***** Study material *****
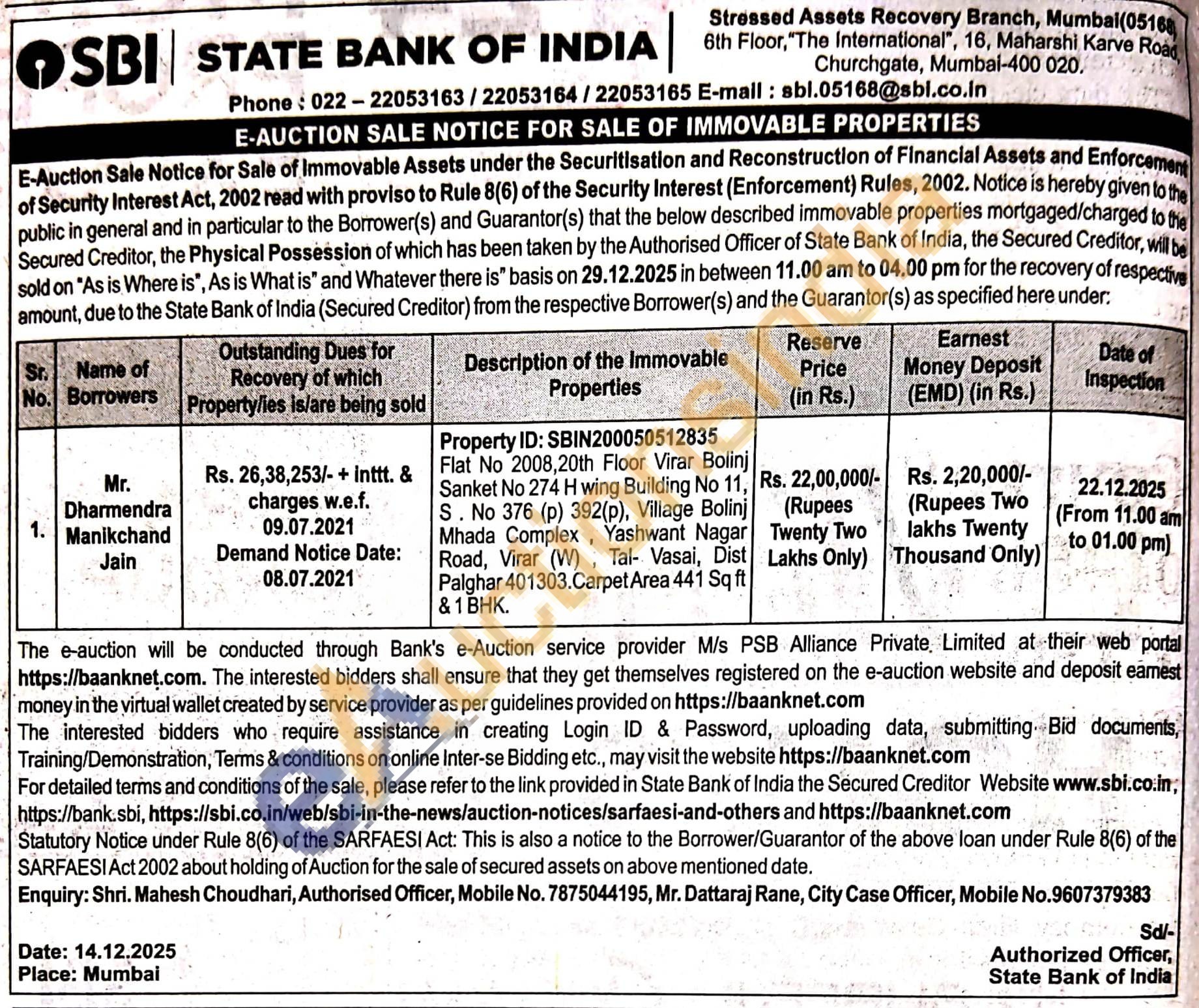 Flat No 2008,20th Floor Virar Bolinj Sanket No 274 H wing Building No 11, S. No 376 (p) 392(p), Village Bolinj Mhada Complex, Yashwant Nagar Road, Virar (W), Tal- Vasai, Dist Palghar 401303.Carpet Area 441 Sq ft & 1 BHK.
*****
***** Study material *****
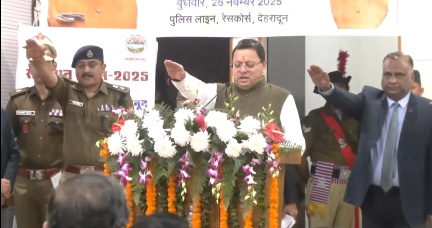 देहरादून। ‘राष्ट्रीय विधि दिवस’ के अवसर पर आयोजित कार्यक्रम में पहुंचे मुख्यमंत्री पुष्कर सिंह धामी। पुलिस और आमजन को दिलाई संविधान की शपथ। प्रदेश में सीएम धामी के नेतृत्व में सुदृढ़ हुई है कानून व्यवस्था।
*****
***** Study material *****
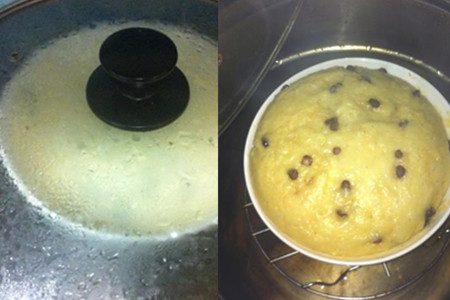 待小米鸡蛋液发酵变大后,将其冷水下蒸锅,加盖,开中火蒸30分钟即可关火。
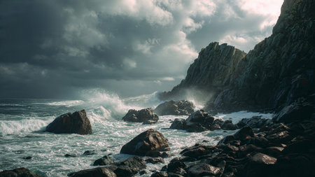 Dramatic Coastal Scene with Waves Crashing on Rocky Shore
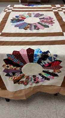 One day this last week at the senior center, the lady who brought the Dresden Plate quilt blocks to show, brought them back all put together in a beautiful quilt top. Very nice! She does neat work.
*****
In the entries above, find the line that contains "Dramatic Coastal Scene" and the line that contains "One day this". Reproduce exactly those two lines and every line between them, but not the pictures.

**Problem solution**
 Dramatic Coastal Scene with Waves Crashing on Rocky Shore
 One day this last week at the senior center, the lady who brought the Dresden Plate quilt blocks to show, brought them back all put together in a beautiful quilt top. Very nice! She does neat work.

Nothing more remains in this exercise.